EXERCISE BRIEF
Go through the listing below and write out exactly the lines from the one that mentions "- Digite a quantidade" through the one that mentions "원스텝뉴스 이병희 기자", minus the pictures.

╭─ MATERIAL SHOWN

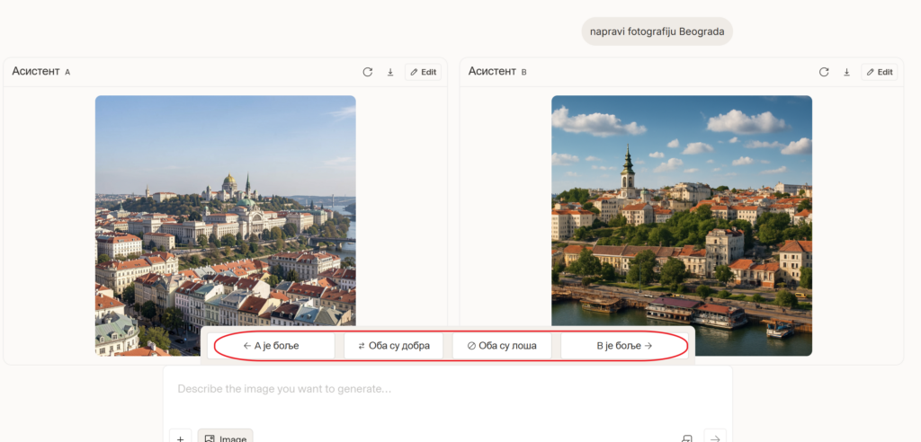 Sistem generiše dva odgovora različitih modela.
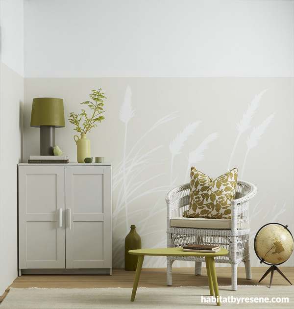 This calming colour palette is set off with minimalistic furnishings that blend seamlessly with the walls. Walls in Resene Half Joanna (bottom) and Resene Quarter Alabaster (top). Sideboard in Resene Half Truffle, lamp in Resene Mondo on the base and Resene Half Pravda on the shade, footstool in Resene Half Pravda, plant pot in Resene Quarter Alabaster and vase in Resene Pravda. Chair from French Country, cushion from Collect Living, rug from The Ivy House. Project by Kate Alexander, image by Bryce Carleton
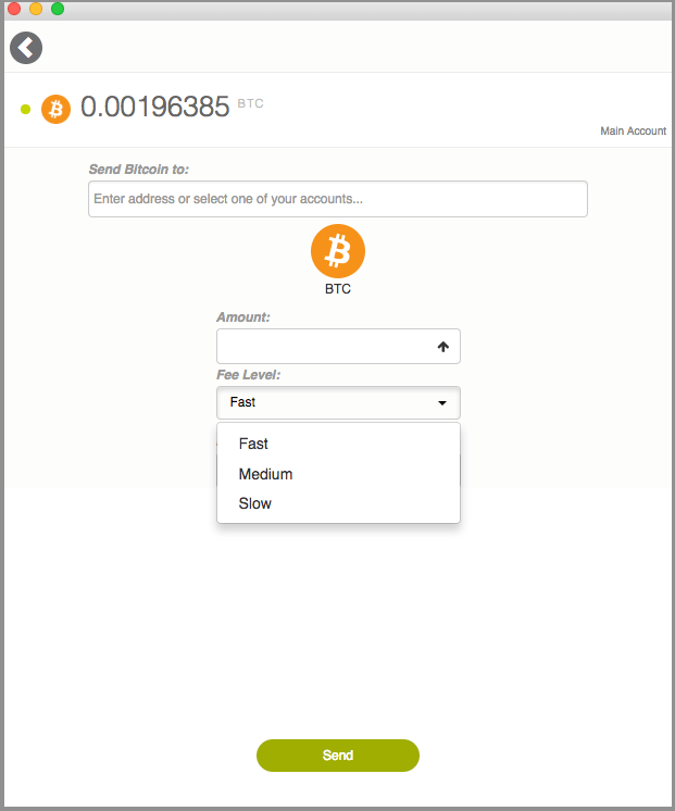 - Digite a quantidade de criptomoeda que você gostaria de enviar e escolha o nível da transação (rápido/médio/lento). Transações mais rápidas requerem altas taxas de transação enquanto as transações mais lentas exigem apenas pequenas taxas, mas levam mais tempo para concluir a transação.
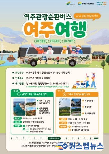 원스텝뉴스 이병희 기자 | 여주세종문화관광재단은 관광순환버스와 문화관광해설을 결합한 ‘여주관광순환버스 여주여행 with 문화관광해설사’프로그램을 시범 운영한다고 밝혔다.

╰─
╭─ MATERIAL SHOWN

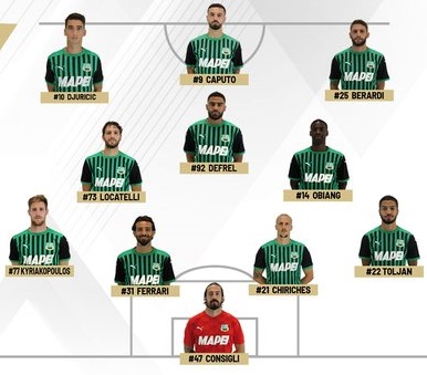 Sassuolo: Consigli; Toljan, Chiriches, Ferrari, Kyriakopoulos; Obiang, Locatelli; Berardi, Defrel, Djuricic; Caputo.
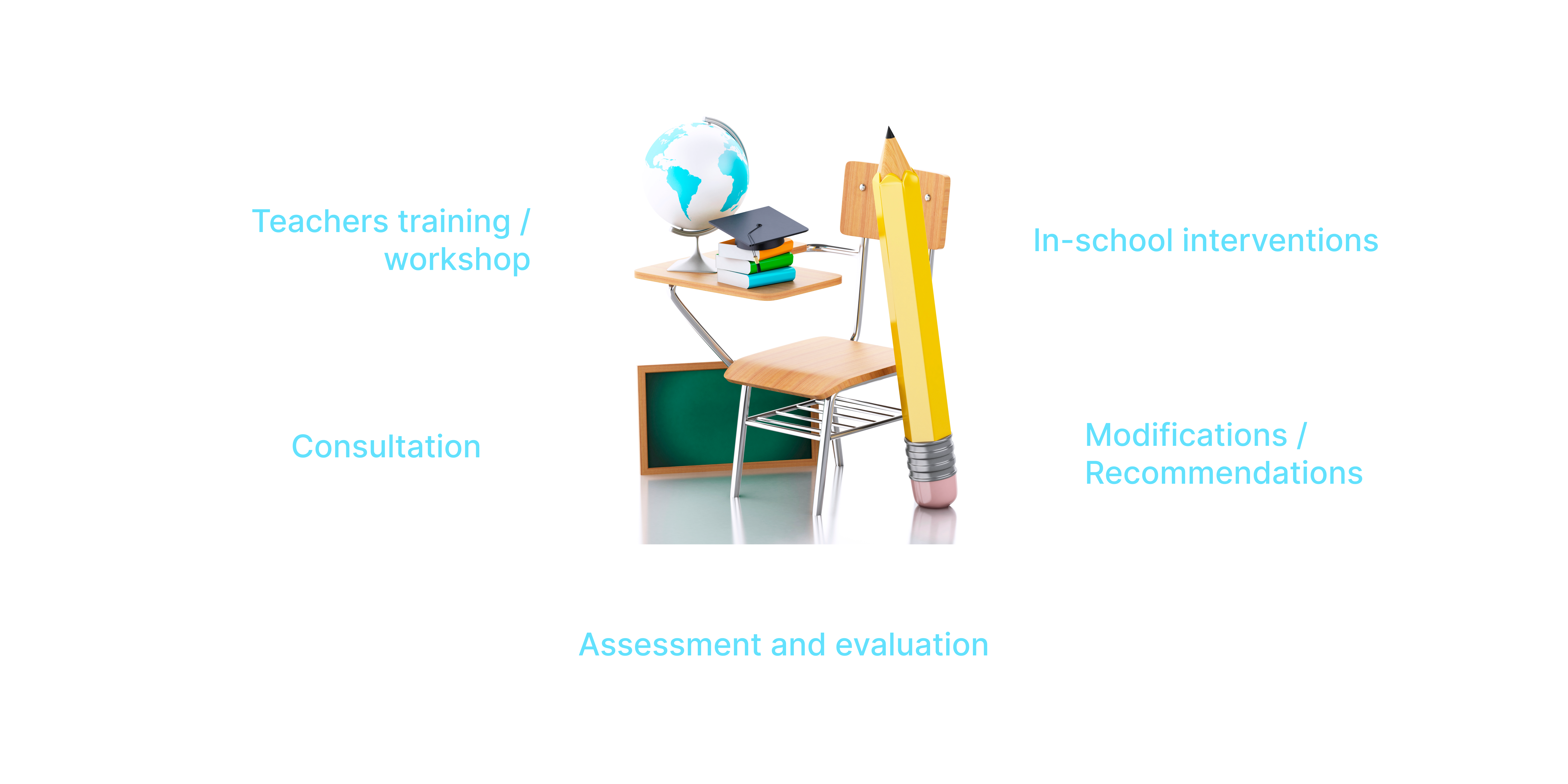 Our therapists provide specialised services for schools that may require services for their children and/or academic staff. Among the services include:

╰─

OUTPUT
 - Digite a quantidade de criptomoeda que você gostaria de enviar e escolha o nível da transação (rápido/médio/lento). Transações mais rápidas requerem altas taxas de transação enquanto as transações mais lentas exigem apenas pequenas taxas, mas levam mais tempo para concluir a transação.
 원스텝뉴스 이병희 기자 | 여주세종문화관광재단은 관광순환버스와 문화관광해설을 결합한 ‘여주관광순환버스 여주여행 with 문화관광해설사’프로그램을 시범 운영한다고 밝혔다.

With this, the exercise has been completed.